**SUPPLIED RECORDS**

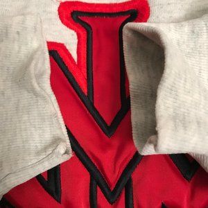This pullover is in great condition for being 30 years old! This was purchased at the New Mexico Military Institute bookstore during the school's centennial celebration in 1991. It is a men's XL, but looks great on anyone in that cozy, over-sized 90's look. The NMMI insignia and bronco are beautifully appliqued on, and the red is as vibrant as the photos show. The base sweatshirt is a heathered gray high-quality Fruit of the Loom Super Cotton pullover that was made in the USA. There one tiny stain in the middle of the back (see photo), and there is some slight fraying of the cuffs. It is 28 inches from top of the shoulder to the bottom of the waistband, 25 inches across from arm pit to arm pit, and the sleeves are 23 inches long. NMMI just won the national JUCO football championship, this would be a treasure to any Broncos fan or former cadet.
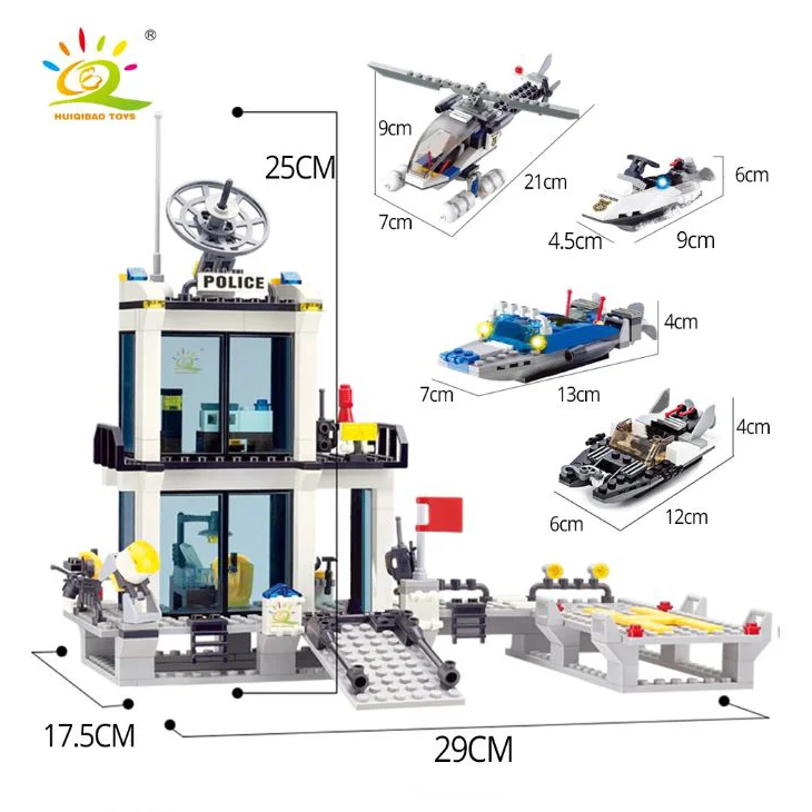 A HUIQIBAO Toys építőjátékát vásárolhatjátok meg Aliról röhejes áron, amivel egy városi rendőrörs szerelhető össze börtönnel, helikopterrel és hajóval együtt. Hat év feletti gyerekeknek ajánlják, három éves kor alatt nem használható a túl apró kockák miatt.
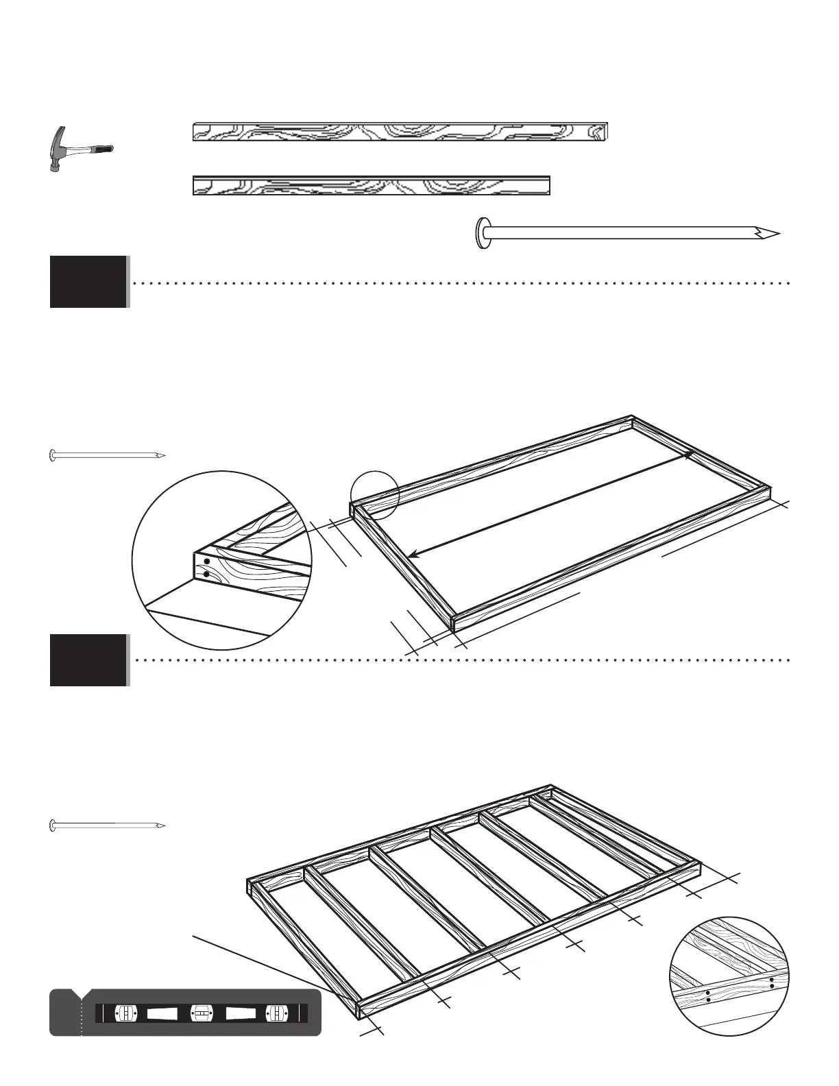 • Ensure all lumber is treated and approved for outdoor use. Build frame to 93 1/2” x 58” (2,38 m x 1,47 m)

--

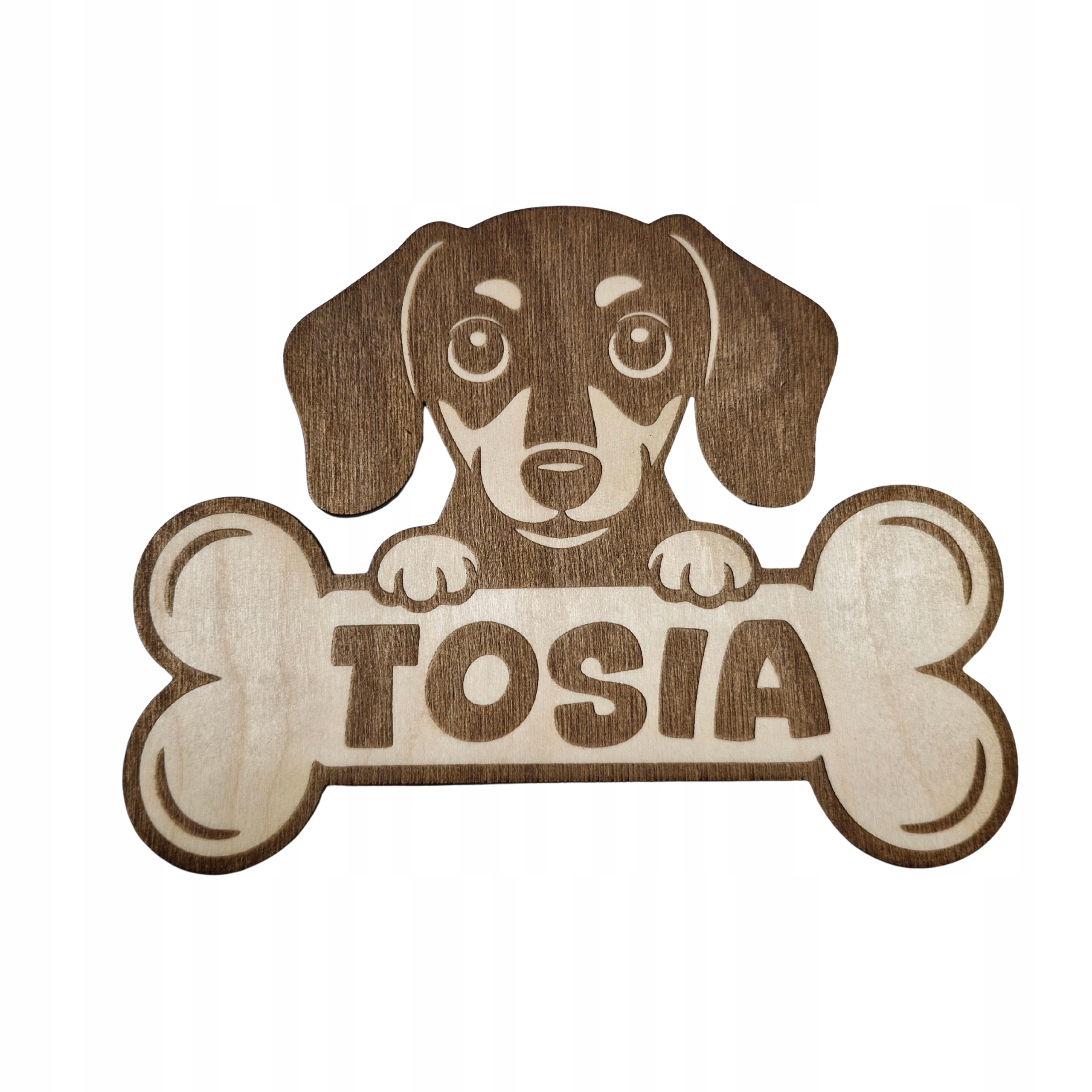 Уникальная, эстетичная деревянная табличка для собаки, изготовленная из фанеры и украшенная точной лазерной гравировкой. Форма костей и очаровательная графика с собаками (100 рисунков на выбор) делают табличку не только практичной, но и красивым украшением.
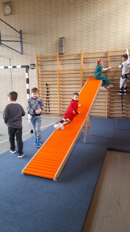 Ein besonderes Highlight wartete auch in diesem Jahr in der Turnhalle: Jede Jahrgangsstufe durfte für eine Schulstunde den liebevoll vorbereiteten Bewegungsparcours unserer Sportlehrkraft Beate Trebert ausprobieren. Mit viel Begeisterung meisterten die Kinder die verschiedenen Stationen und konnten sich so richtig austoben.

**EXERCISE**
Retype the lines above exactly as they appear, from the line containing "This pullover is" through the line containing "m x 1,47 m)", and leave out any pictures.

**FINISHED TASK**
This pullover is in great condition for being 30 years old! This was purchased at the New Mexico Military Institute bookstore during the school's centennial celebration in 1991. It is a men's XL, but looks great on anyone in that cozy, over-sized 90's look. The NMMI insignia and bronco are beautifully appliqued on, and the red is as vibrant as the photos show. The base sweatshirt is a heathered gray high-quality Fruit of the Loom Super Cotton pullover that was made in the USA. There one tiny stain in the middle of the back (see photo), and there is some slight fraying of the cuffs. It is 28 inches from top of the shoulder to the bottom of the waistband, 25 inches across from arm pit to arm pit, and the sleeves are 23 inches long. NMMI just won the national JUCO football championship, this would be a treasure to any Broncos fan or former cadet.
 A HUIQIBAO Toys építőjátékát vásárolhatjátok meg Aliról röhejes áron, amivel egy városi rendőrörs szerelhető össze börtönnel, helikopterrel és hajóval együtt. Hat év feletti gyerekeknek ajánlják, három éves kor alatt nem használható a túl apró kockák miatt.
 • Ensure all lumber is treated and approved for outdoor use. Build frame to 93 1/2” x 58” (2,38 m x 1,47 m)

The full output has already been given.